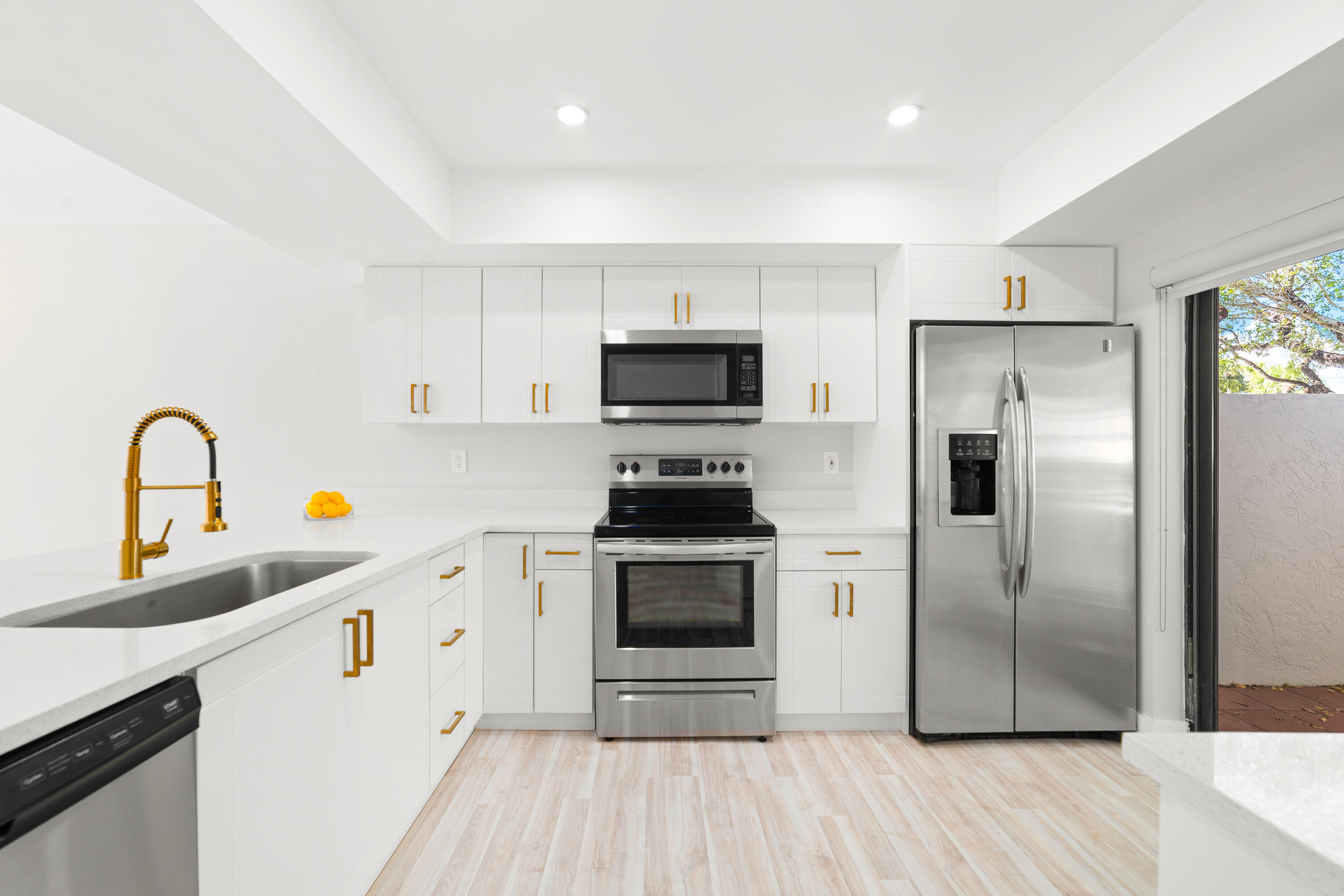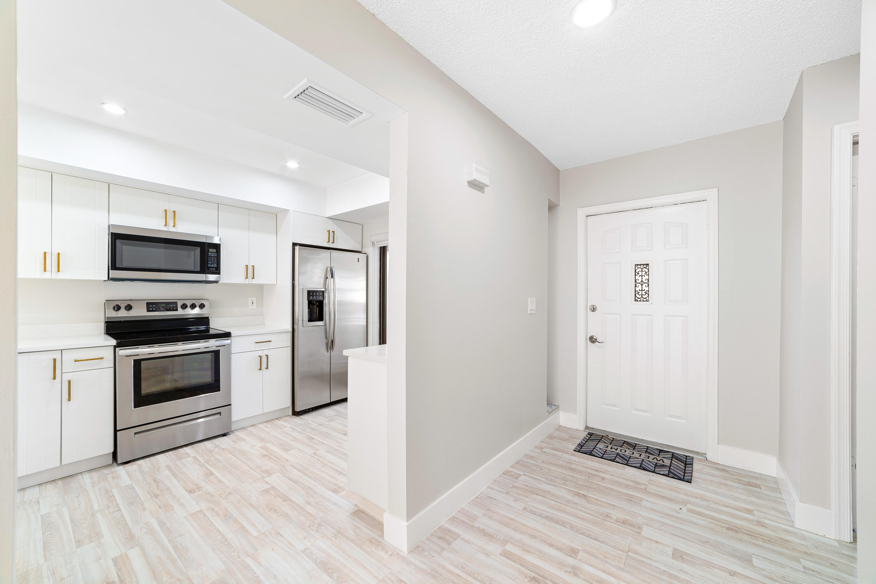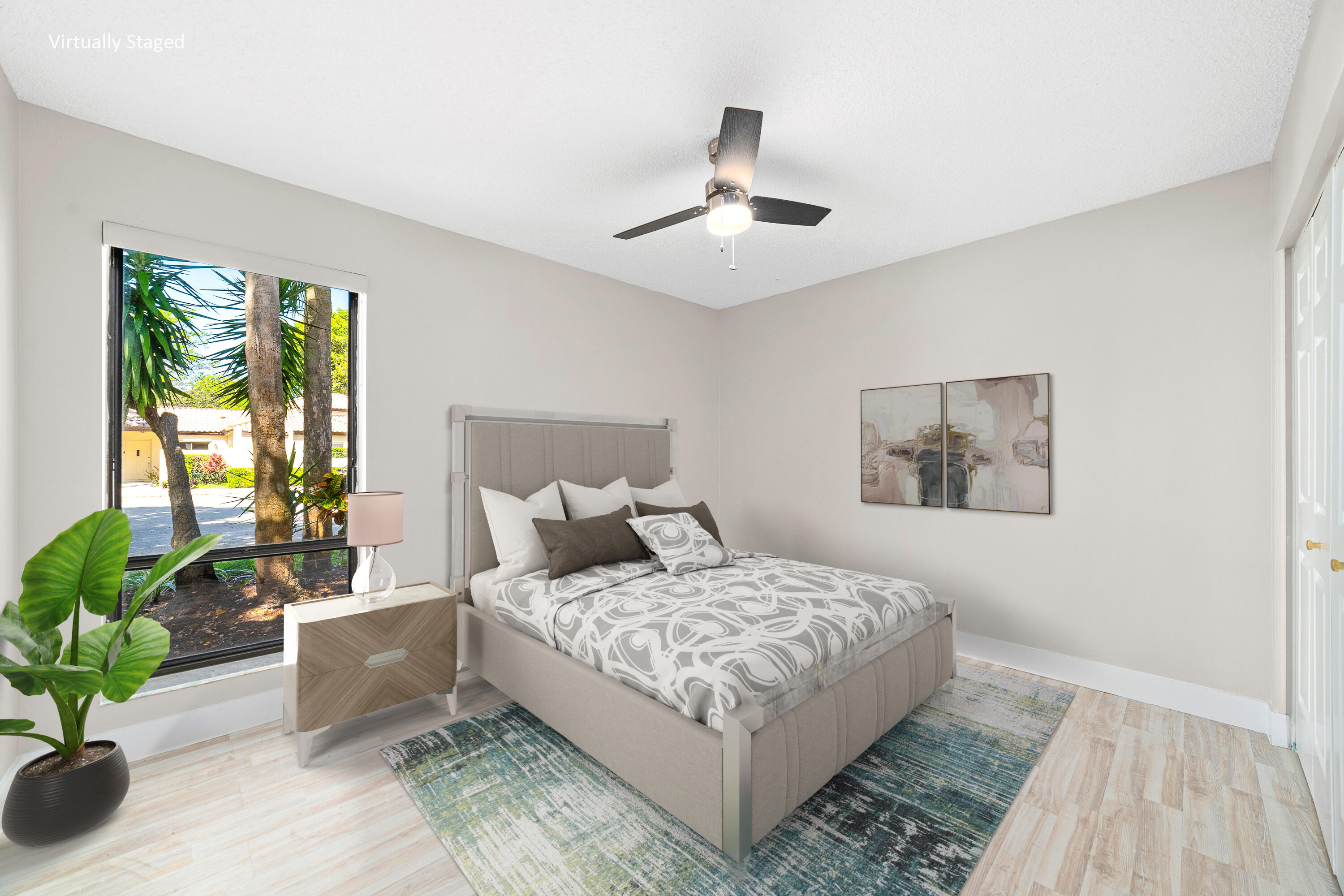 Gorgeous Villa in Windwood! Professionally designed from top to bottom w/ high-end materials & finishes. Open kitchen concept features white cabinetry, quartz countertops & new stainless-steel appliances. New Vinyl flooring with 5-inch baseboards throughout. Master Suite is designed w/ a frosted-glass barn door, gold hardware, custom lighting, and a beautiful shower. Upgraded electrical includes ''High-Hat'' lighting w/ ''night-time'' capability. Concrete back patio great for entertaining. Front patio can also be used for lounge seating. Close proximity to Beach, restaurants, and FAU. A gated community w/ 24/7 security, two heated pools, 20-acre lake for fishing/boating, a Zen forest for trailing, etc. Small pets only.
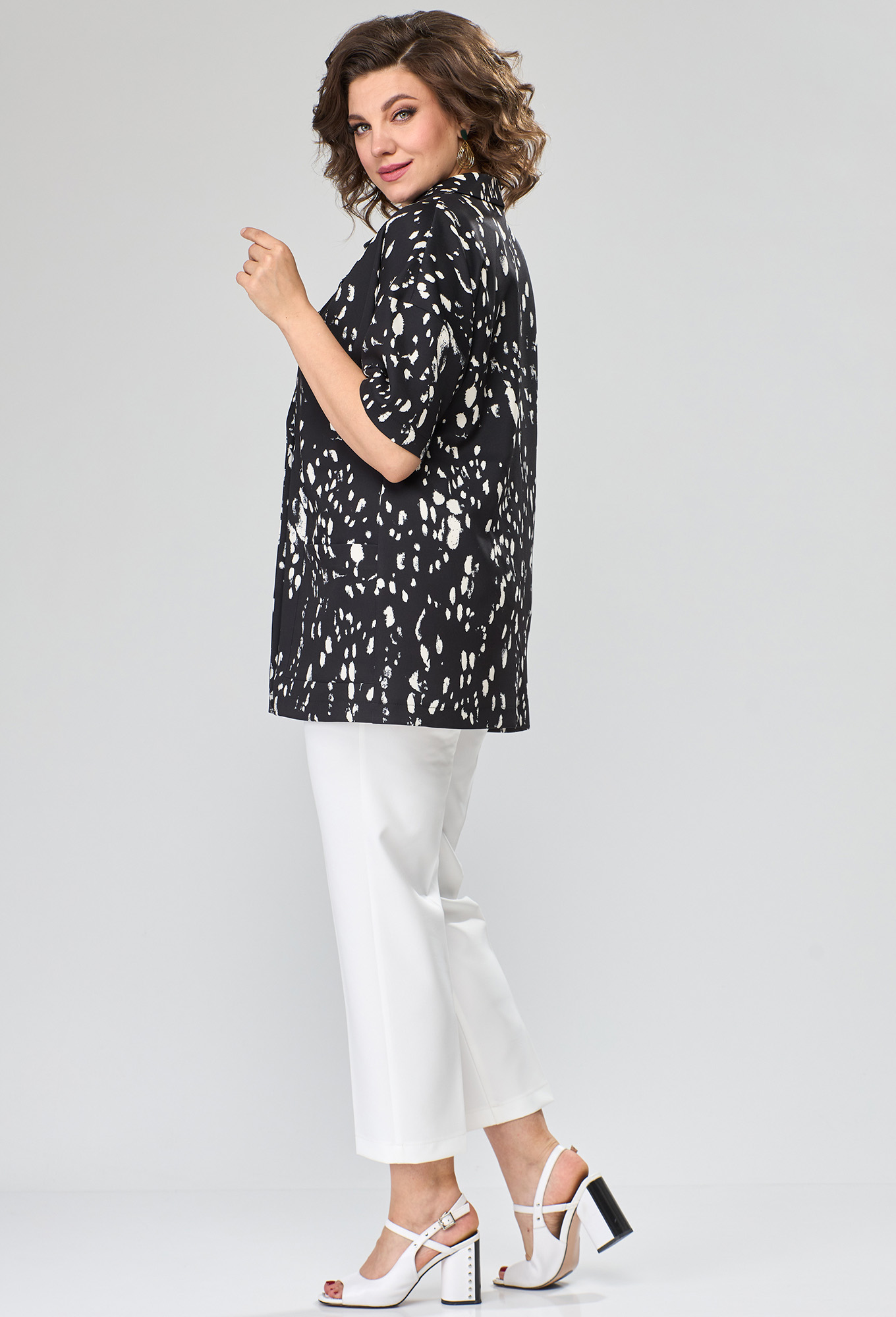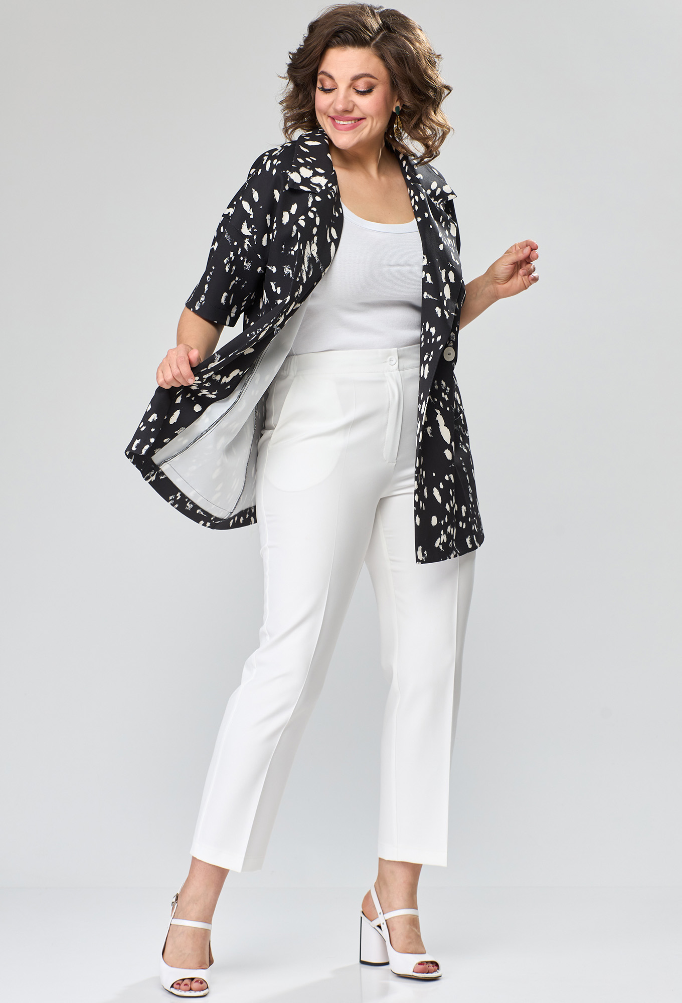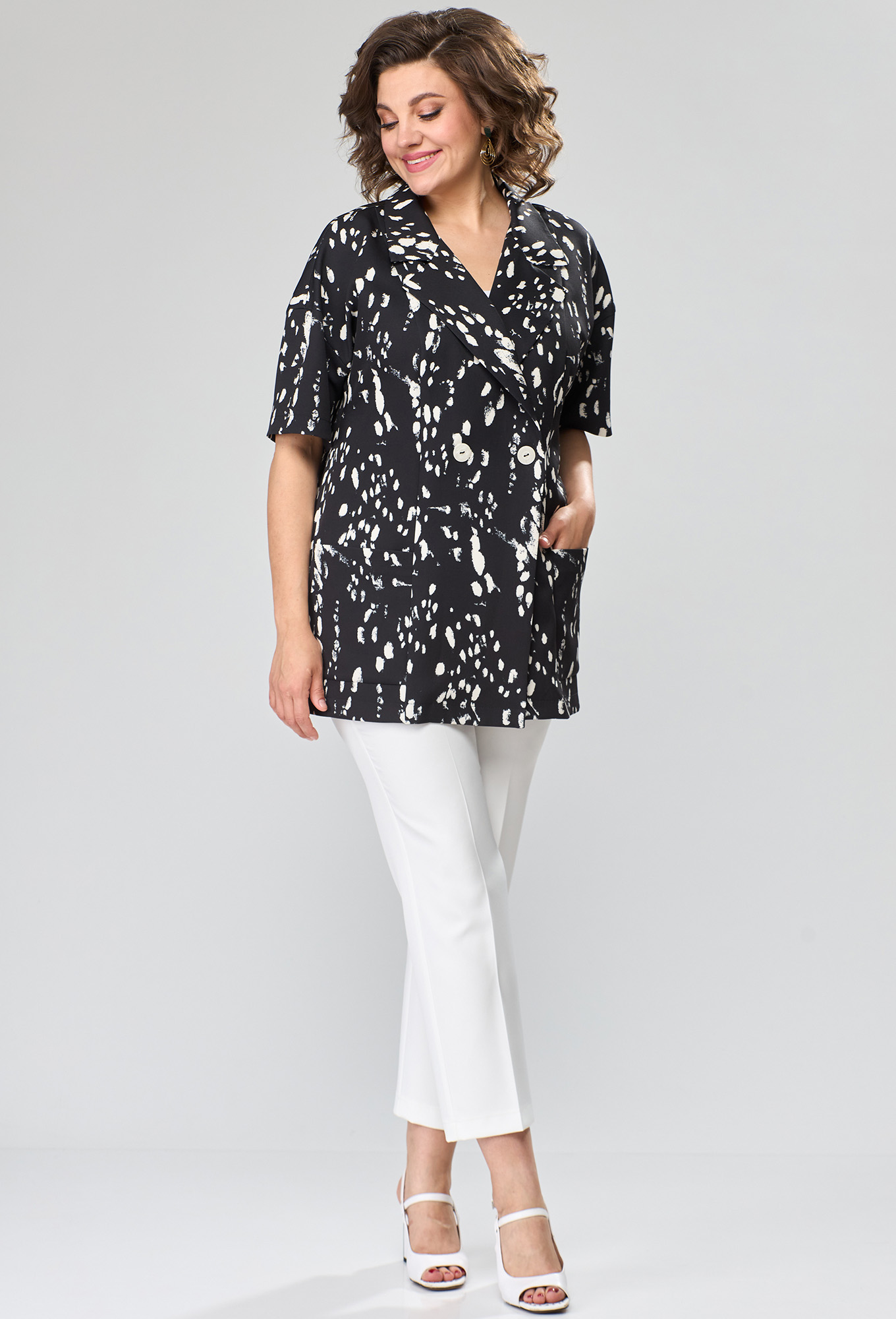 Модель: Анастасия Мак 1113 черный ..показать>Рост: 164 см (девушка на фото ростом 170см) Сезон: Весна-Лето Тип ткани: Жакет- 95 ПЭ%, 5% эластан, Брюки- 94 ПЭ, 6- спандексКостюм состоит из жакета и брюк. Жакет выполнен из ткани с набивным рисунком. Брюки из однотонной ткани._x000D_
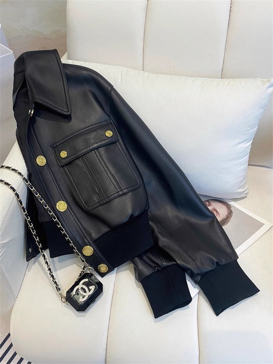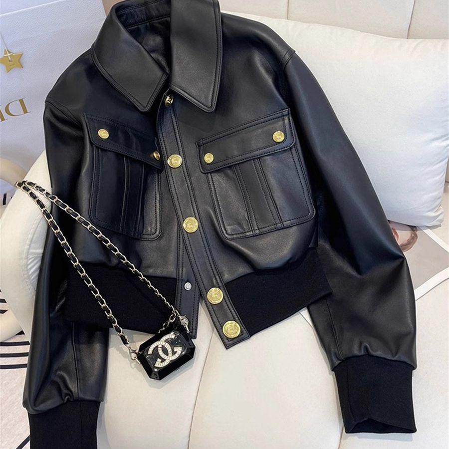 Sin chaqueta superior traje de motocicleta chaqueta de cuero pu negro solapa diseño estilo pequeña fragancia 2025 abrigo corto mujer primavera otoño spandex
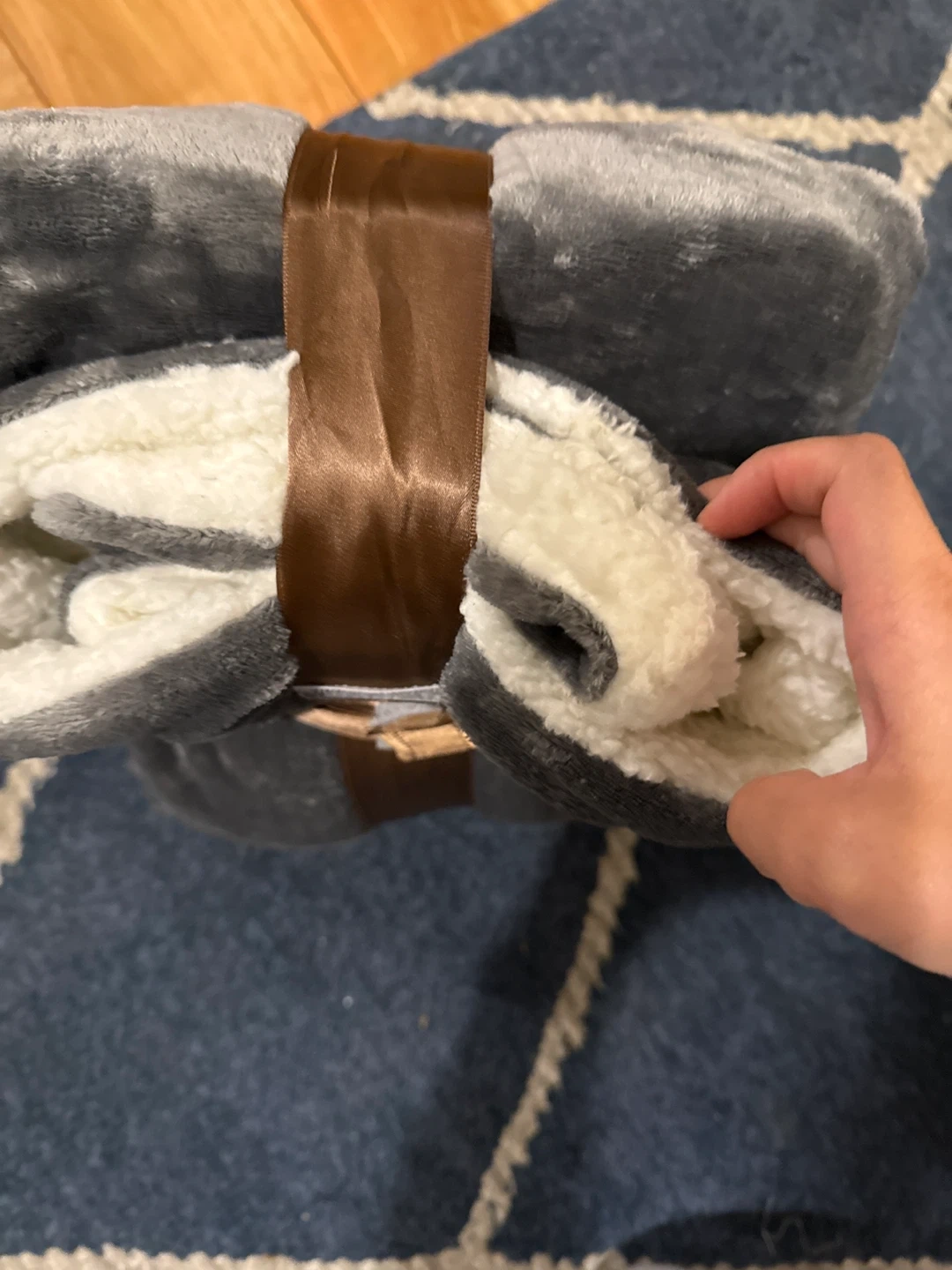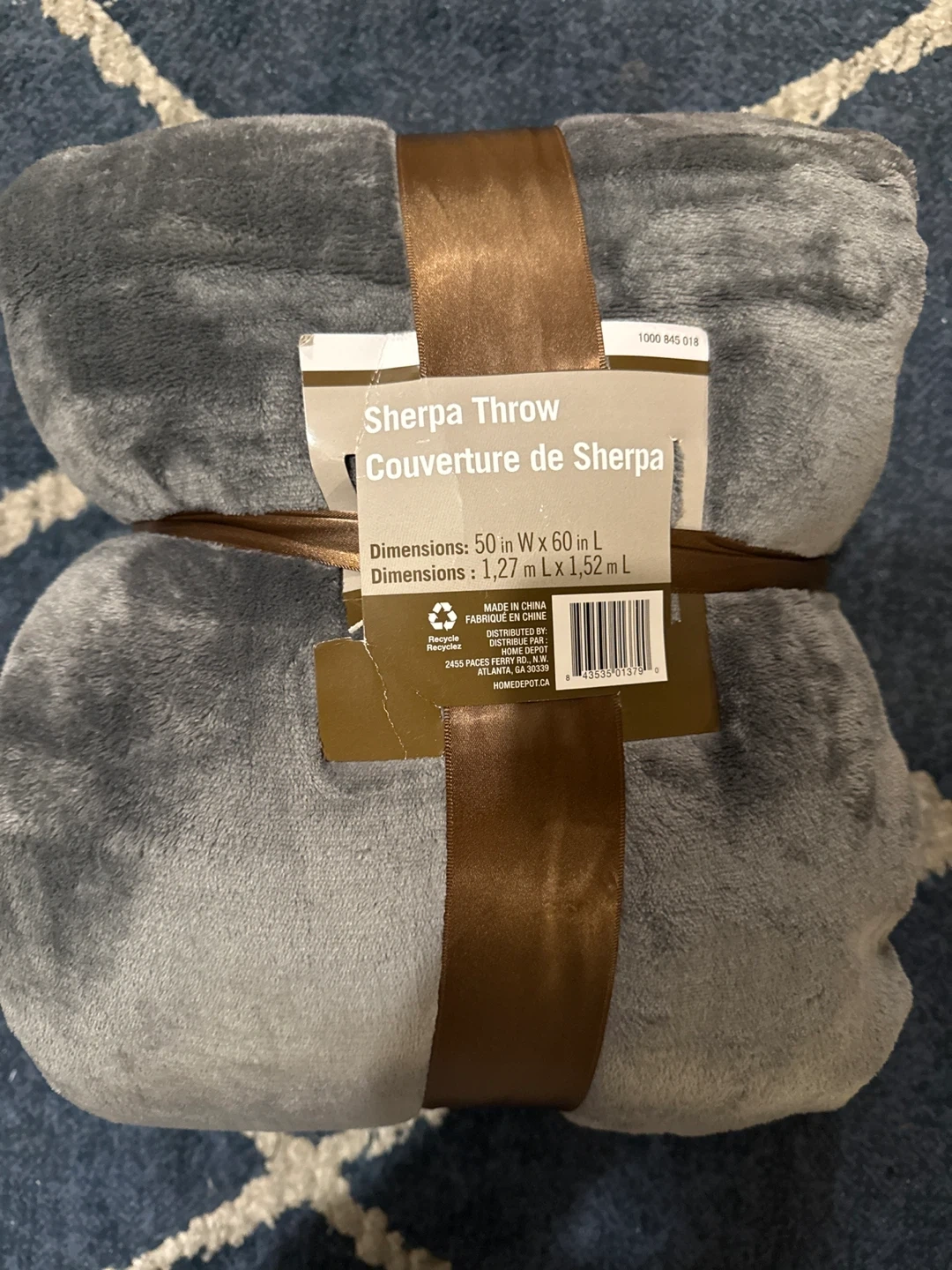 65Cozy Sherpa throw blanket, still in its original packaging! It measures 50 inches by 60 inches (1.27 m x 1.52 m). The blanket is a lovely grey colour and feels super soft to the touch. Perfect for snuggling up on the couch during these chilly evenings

== What you have to do ==
Would you return the material above exactly, apart from its pictures?

== Solution ==
 Gorgeous Villa in Windwood! Professionally designed from top to bottom w/ high-end materials & finishes. Open kitchen concept features white cabinetry, quartz countertops & new stainless-steel appliances. New Vinyl flooring with 5-inch baseboards throughout. Master Suite is designed w/ a frosted-glass barn door, gold hardware, custom lighting, and a beautiful shower. Upgraded electrical includes ''High-Hat'' lighting w/ ''night-time'' capability. Concrete back patio great for entertaining. Front patio can also be used for lounge seating. Close proximity to Beach, restaurants, and FAU. A gated community w/ 24/7 security, two heated pools, 20-acre lake for fishing/boating, a Zen forest for trailing, etc. Small pets only.
 Модель: Анастасия Мак 1113 черный ..показать>Рост: 164 см (девушка на фото ростом 170см) Сезон: Весна-Лето Тип ткани: Жакет- 95 ПЭ%, 5% эластан, Брюки- 94 ПЭ, 6- спандексКостюм состоит из жакета и брюк. Жакет выполнен из ткани с набивным рисунком. Брюки из однотонной ткани._x000D_
 Sin chaqueta superior traje de motocicleta chaqueta de cuero pu negro solapa diseño estilo pequeña fragancia 2025 abrigo corto mujer primavera otoño spandex
 65Cozy Sherpa throw blanket, still in its original packaging! It measures 50 inches by 60 inches (1.27 m x 1.52 m). The blanket is a lovely grey colour and feels super soft to the touch. Perfect for snuggling up on the couch during these chilly evenings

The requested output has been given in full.